On May 15, Netflix (Netflix) is preparing to enter the field of live broadcasting and launch live talk shows and reality shows. Previously, in 2020, Netflix hosted an offline talk show called “Netflix Is A Joke fest” in Los Angeles, inviting more than 130 talk show stars. It was hard to get a ticket, and viewers who did not buy a ticket could only record the show. This may have inspired Netflix to offer live streaming.
Earlier, Netflix, which has always relied on an ad-free subscription model, announced in its earnings conference call that it would launch a low-cost subscription service with ads by the end of 2022 and crack down on account sharing. CEO Reed Hastings told the company’s employees that they can leave if they do not like the content.
Netflix’s response to trying to get out of its profit dilemma: Launching games, e-commerce and then moving into live broadcasts, introducing multiple subscription models and cracking down on account sharing. Many fans expressed disappointment, and many even said they would no longer subscribe once a new subscription model was introduced.
The poor Q1 earnings report and subsequent slump in the stock price was the direct reason Netflix stopped advertising for the first time. According to the financial report, Netflix’s revenue in the first quarter was $7.868 billion, up 9.8% year-on-year; net income was $1.597 billion, down 6.4% year-on-year. During the period, Netflix lost 200,000 subscribers, its first decline in more than a decade.

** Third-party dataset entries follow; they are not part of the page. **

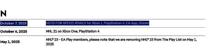 EA在其官网上已将《极品飞车18:宿敌》列入即将下架的游戏名单,平台包括Xbox One,PS4,EA App和Steam。该游戏的在线服务器将于2025年10月7日关闭。《极品飞车18:宿敌》外,《NHL21》(Xbox One|PS4)将于10月6日下架。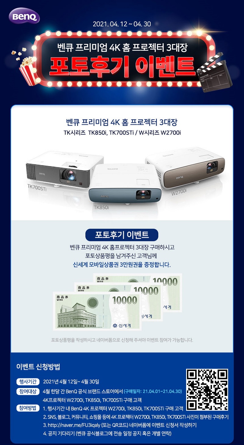이번 포토후기 이벤트는 4월 한 달 간 벤큐 4K 스마트 홈 프로젝터 시리즈 라인업 3종(W2700i, TK850i, TK700STi)을 구매한 고객과 4월 15일부터 5월 15일까지 LED 스탠드(WIT 스탠드, WIT 스탠드 지니), 모니터조명(스크린바 플러스, 스크린바)을 구매한 고객을 대상으로 한다. 구매 후 사진이 포함된 구매 후기를 작성하고, 네이버 폼을 통하여 신청하면 이벤트 지원이 완료된다. 지원한 모든 인원을 대상으로 구매한 제품에 따라 각각 신세계 모바일 문화상품권 3만원권(프로젝터 구매 고객), 모바일 문화상품권 1만원권(LED 스탠드 구매 고객)을 사은품으로 증정한다. 4K 프로젝터 3종과 시력보호 모니터조명 스크린바, 스크린바 플러스 모델의 경우 벤큐 브랜드 스토어를 통하여 이벤트 참여가 가능하다.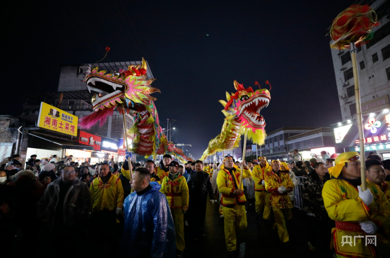 央广网郴州2月26日消息(记者黄珂岚 通讯员李明华)2月24日元宵节当晚,国家级非物质文化遗产项目——“宜章夜故事”巡演活动在湖南省郴州市宜章县一六镇火热开场,现场气氛“热辣滚烫”,为群众和游客送上别具特色年味的“文化大餐”。
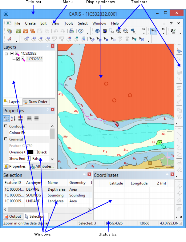 The main window shows a set of commands and windows available in Teledyne CARIS applications.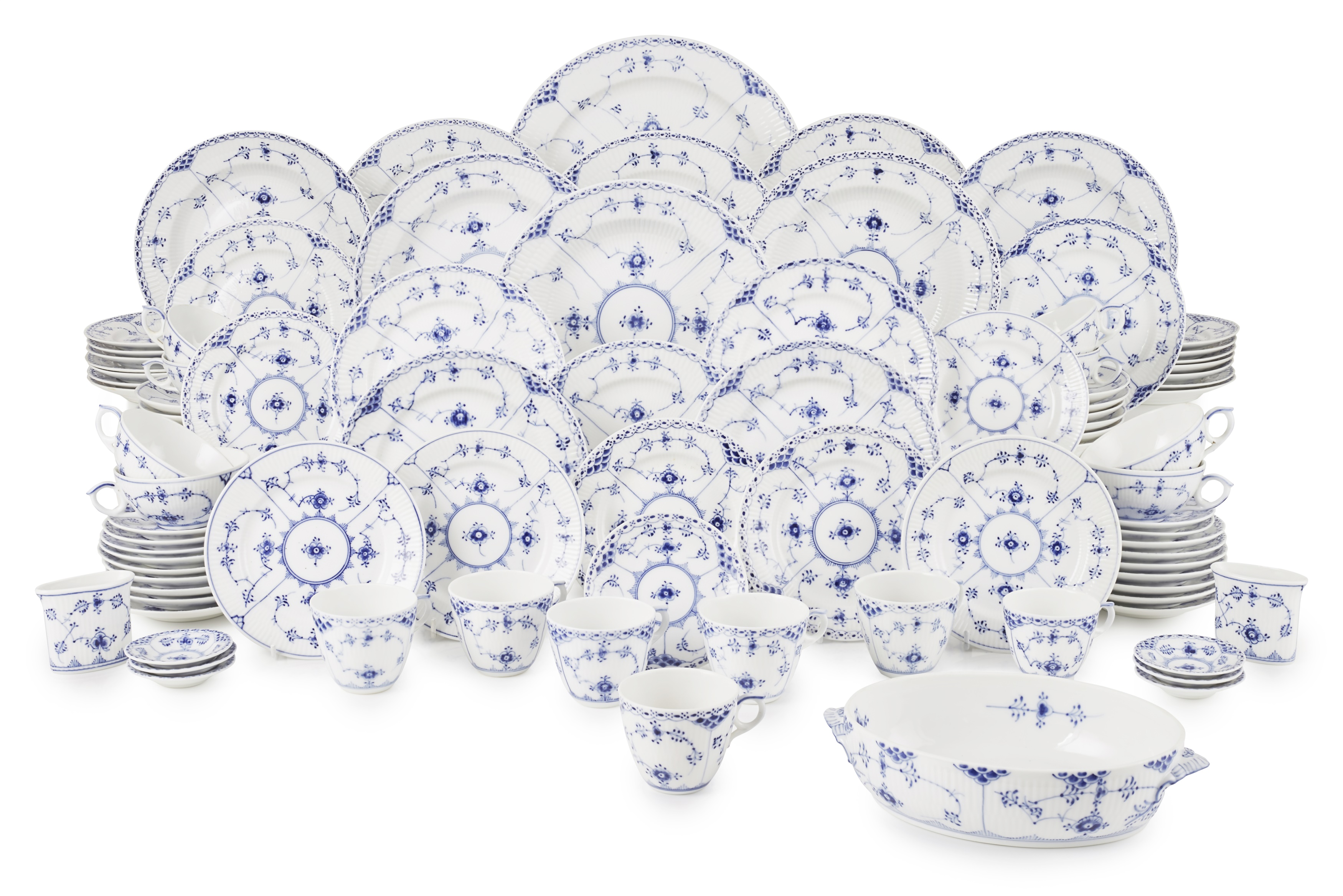 ASSEMBLED ROYAL COPENHAGEN BLUE AND WHITE PORCELAIN PART DINNER SERVICE

Netflix, which used to be one of the FAANG star stocks along with Apple and Google, fell from a high of $700 to a low of $175.81, dropping back to 2018 levels.
Unlike Disney’s multi-platform matrix, revenue from a single subscription platform is highly dependent on pricing for members and member services. If it is difficult to increase the former, it is necessary to increase the latter. In the past, Netflix has tried several times to increase the price for members. This price increase directly resulted in the loss of 200,000 users, which led Netflix to think about the problem of a single subscription system and turn to “subscription + advertising.”

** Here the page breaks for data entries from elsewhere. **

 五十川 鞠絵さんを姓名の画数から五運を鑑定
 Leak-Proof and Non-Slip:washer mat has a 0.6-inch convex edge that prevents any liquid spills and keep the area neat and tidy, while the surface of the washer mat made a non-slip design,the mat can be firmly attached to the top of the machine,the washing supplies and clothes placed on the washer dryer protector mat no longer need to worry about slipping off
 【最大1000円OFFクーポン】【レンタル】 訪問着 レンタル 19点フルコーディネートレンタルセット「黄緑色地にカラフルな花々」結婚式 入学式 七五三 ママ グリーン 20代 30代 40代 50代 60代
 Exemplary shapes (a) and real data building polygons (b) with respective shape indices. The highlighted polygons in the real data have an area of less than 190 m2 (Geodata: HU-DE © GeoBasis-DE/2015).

In addition to Apple TV +, many North American streaming media platforms such as HBO Max and Hulu have introduced low-cost subscription services that include advertising. Netflix members have raised prices several times, which is not attractive in terms of price and has led to an epidemic among users. It is imperative to offer a variety of low-cost options for paying for entertainment.
Competitor Disney+ is also making the same decision as Netflix. In March, Disney announced that Disney+ will launch an ad-supported subscription service in the U.S. in the second half of the year, with international expansion planned for 2023. This will help meet Disney+’s goal of reaching 230 million to 260 million subscribers in fiscal 2024, Disney said.
After the U.S. stock market closed on May 11, Disney (DIS.US) released its financial report for the second quarter of 2022. According to the report, Disney’s media and entertainment revenue was $13.620 billion, up slightly from the same period last year; the corresponding operating profit was $1.944 billion, down from $2.871 billion. As of April 2, Disney+ subscribers worldwide totaled 137.7 million, up from 103.6 million in the same period last year, representing 33% growth.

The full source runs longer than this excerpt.